# Its up to Bush



## Lefty-cl (Jun 15, 2007)

http://www.reuters.com/article/topNews/idUSN2736352720070928


----------



## dartfrog (Sep 20, 2007)

I heard the dems will not let this die. Even if vetoed look for it to come up again and again and again. Stay vigilant.


----------



## Slow Triathlete (Jun 14, 2007)

If it's left up to Bush......he'll mess it up somehow. He always does!!


----------



## JohnR (Apr 1, 2007)

Slow Triathlete said:


> If it's left up to Bush......he'll mess it up somehow. He always does!!

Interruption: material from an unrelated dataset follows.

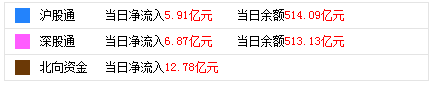 北向资金净流入12.78亿元 e公司讯,截至11月21日A股收盘,北向资金净流入12.78亿元。其中,沪股通资金净流入5.91亿元,当日余额514.09亿元;深股通资金净流入6.87亿元,当日余额513.13亿元。

I'm more worried about the 19 votes. The Dems just need to bully 19 Republicans in the House into voting yes and it doesn't matter what Bush does. Bush isn't up for re-election...but those others are.


----------



## mansonicman (Sep 12, 2007)

That is all we need to do, twist a few arms, and line a few pockets.....


----------



## Skystorm82 (Sep 14, 2007)

With all the foreign aid we put out...why don't they just keep at least some of that money here to take care of Americans....instead of screwing us over?


----------



## The Bruce (Mar 7, 2006)

I am dismayed by the RTDA (or whatever they are called now). All the press is saying about this bill is that it will raise Cigarette tax sixty some odd cents per box and not a mention about the $2.95 raise per cigars. Individually we can't draw attention to this. So, currently, our only group large enough to make a stink is the RTDA. Are they not big enough? Do they lack the will?


----------



## Cameroon-swoon-cl (Apr 19, 2007)

*So what will you do?*

So we know there is a tax coming and that prices are going to hike. Is any one planning on making a bulk-purchase to postpone the inevitable?


----------



## The Bruce (Mar 7, 2006)

Cameroon-swoon said:


> So we know there is a tax coming and that prices are going to hike. Is any one planning on making a bulk-purchase to postpone the inevitable?


I can't really see how this would help. Sure we could smoke a bunch of cigars at our currect Tax rate. But unless we buy, and care for, all the cigars we would ever smoke we would be handing over our money to THE CHILDREN. FRACK THE CHILDREN!

Ahem, as I was saying, I think the saving would be minimal if we do it this way.


----------



## BlueHavanaII-cl (Apr 7, 2007)

The Bruce said:


> I am dismayed by the RTDA (or whatever they are called now). All the press is saying about this bill is that it will raise Cigarette tax sixty some odd cents per box and not a mention about the $2.95 raise per cigars. Individually we can't draw attention to this. So, currently, our only group large enough to make a stink is the RTDA. Are they not big enough? Do they lack the will?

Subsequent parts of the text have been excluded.